Today, it is time again for Is My Blog Burning?. This edition’s theme is dumplings. So I’ve had a month of experimentation with dumplings, variety: not my native cuisine and fried. First, I had a go at brik ? l’oeuf, mixing up tuna and parsley into a soft filling, wrapping it in filo, tipping in scrambled raw egg, and frying it up in my cast-iron skillet. The timing on brik is sensitive: you need the egg to still be runny. I didn’t achieve it.
I also roasted half an eggplant and mixed it with parsley and garlic, salt and pepper, and fried that in filo as well. It came out perfectly crisp on the outside, warm and savory in the center.
Once I’d finished my fried feast, I still had more filo than I knew what to do with.
So I sliced some parboiled potatoes and the rest of the eggplant, sprinkled it all with salt, pepper, and paprika, folded it into filo, and baked it in the oven for one hour. I followed it with asparagus, onions, and Nevat, likewise wrapped, likewise baked.
I still had quite a bit of filo, and some thinking to do.
Last year, I’d made samosas out of pumpkin. Then, I’d faithfully followed the dough recipe:
1 1/2 cup flour
1/4 tsp salt
1/4 cup oil
5 tbsp cold water (or as needed)
Combine flour and salt, either in a food processor or by hand. Add oil slowly, until mixture resembles fine crumbs. Add just enough cold water to form a medium-soft dough (if you are using a food processor, the dough will leave the sides of the bowl). Cover the dough and refrigerate.
When ready to use, make 1 inch balls of dough and roll them out thin.
The dough was excellent, but difficult to roll out; I spent hours trying to make it thin enough and large enough to wrap around the filling.
Why not try the filo? For that matter, why not give those Vietnamese spring roll wrappers a shot?
Pumpkin Samosa Filling
1 tbsp oil
1 small onion, diced
3 garlic cloves, diced
1/2 pie pumpkin or 16 oz can pumpkin puree
1 cup frozen peas, thawed
1 tbsp lemon juice
1/2 tsp salt, or to taste
1/2 tsp cayenne pepper, or to taste
1/4 tsp black pepper
1/4 tsp ground cumin
1 tsp garam masala
If using pie pumpkin, peel and cut into chunks. Steam until soft, then mash by hand or in a mixer or food processor.
Sweat onion & garlic in oil until translucent, then add all other ingredients and stir well. Cook until thickened, about 7 minutes. Let cool, then wrap in dough and fry.
Since pumpkins haven’t yet shown up in my local markets, I used a butternut squash. This was a mistake – too sweet, too soft; the filling ended up tasting like pumpkin pie with peas. It wasn’t bad, just strange.
First, I worked with the filo. I cut the sheets in half and then folded them again, so that I was working with a double layer the size of a quarter sheet. A big spoonful of filling in the middle, and brush the sides with water, fold them up & stick them together.

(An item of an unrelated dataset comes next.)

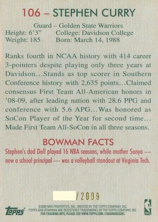 With the 7th Pick in the 1st Round of the 2009 NBA Draft, the Golden State Warriors selected Stephen Curry from Davidson University. According to my research, Steph Curry’s rookie cards have gone to a whole new level which begs the question how many true rookie cards does Steph Curry actually have?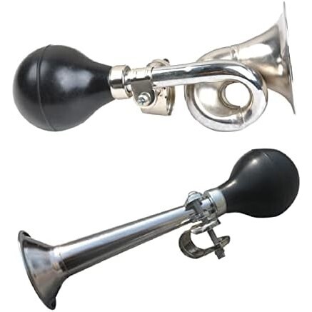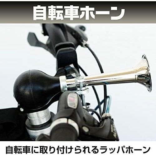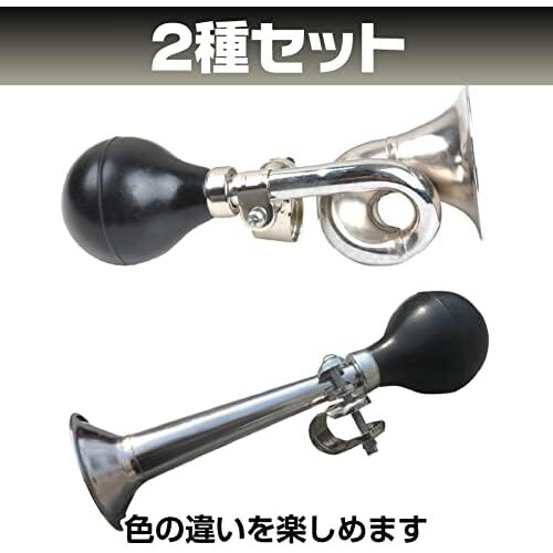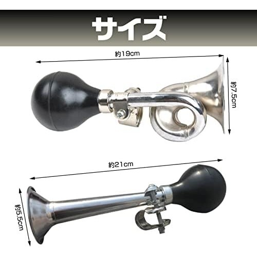 【商品内容】自転車のハンドルに取り付けられるラッパホーン(渦巻き型とストレート型)の2個セットです。

They didn’t look like samosas, but into the hot oil they went, one after the other.
When I was down to only a few pieces of filo left, I decided to experiment with the spring roll wrappers. These were not the soft, refrigerated kind, but were stiff and dried, labeled in Vietnamese, French (galettes de riz), and English. To use, they have to be dipped in water to soften them. Too long a dip, and the rice paper melts; too brief a dip, and it is too stiff to work with. I experimented and found that a quick in-and-out motion in a shallow pan worked best; I filled up a wrapper and dropped it in the oil – and jumped back as the water made the oil spatter. The next one tore as it went in, and the third puffed up strangely.

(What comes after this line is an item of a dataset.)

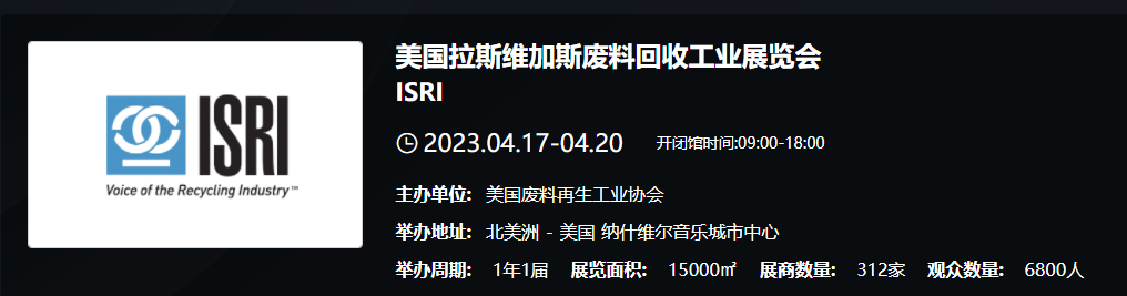 美国国际废料回收工业展览会是由美国废料回收工业协会举办的展会,是全球最大的废料回收行业展会,该展会每年都在不同的城市举办。

I went back to the filo: predictable, controllable, well-behaved.
The finished dumplings were almost nothing like samosa; they were tasty, but might have worked better as a dessert (minus the peas, onions, and garlic, plus powdered sugar over top). The ones in spring roll wrappers were more samosa-like in texture, but the wrappers were so annoying to work with that I think I shall avoid them in the future.